> EXERCISE DATA:
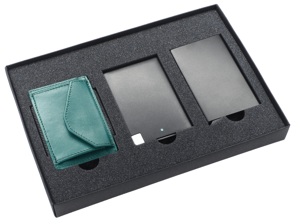 Powerbank posiada wejście i wyjście mini USB oraz adaptery: TYP C i iPhone Lightning Zawiera Power Bank 2500 mAh Zawiera etui na karty Zawiera portfel mini Pudełko papierowe w cenie
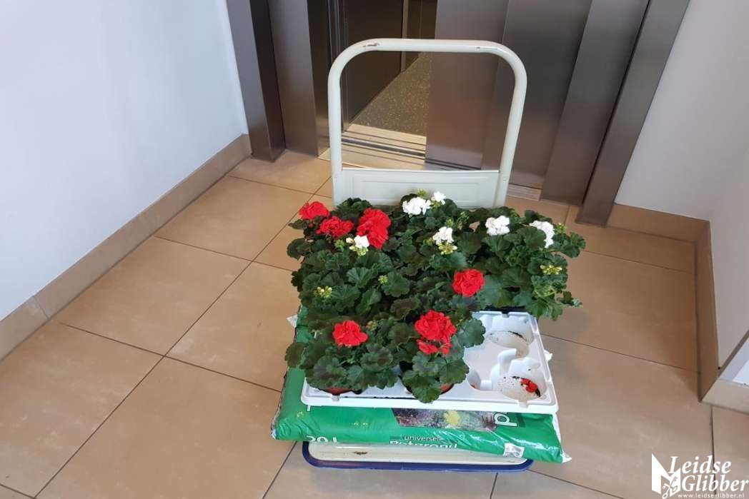 Ik stond dus even later met zakken aarde en bloemen te wachten bij de lift.
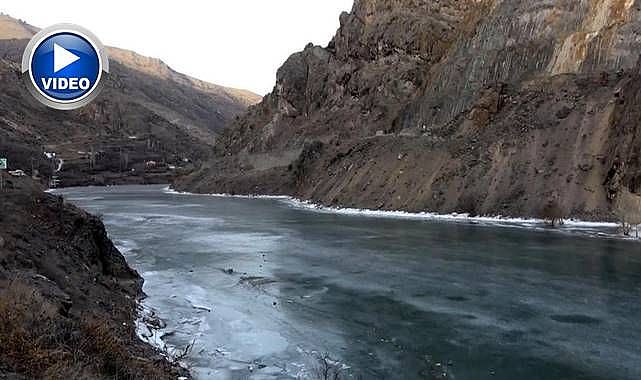 431 kilometre uzunluğa sahip Çoruh Nehri'nin yüzeyi, soğuk havanın etkisiyle yer yer buz tuttu. Çevre sakinleri de buz tutan nehir çevresinde gezintiye çıkıp, fotoğraf çektirdi.

> WHAT IS EXPECTED:
Once the pictures are removed, copy the listing exactly.

> WORKED SOLUTION:
 Powerbank posiada wejście i wyjście mini USB oraz adaptery: TYP C i iPhone Lightning Zawiera Power Bank 2500 mAh Zawiera etui na karty Zawiera portfel mini Pudełko papierowe w cenie
 Ik stond dus even later met zakken aarde en bloemen te wachten bij de lift.
 431 kilometre uzunluğa sahip Çoruh Nehri'nin yüzeyi, soğuk havanın etkisiyle yer yer buz tuttu. Çevre sakinleri de buz tutan nehir çevresinde gezintiye çıkıp, fotoğraf çektirdi.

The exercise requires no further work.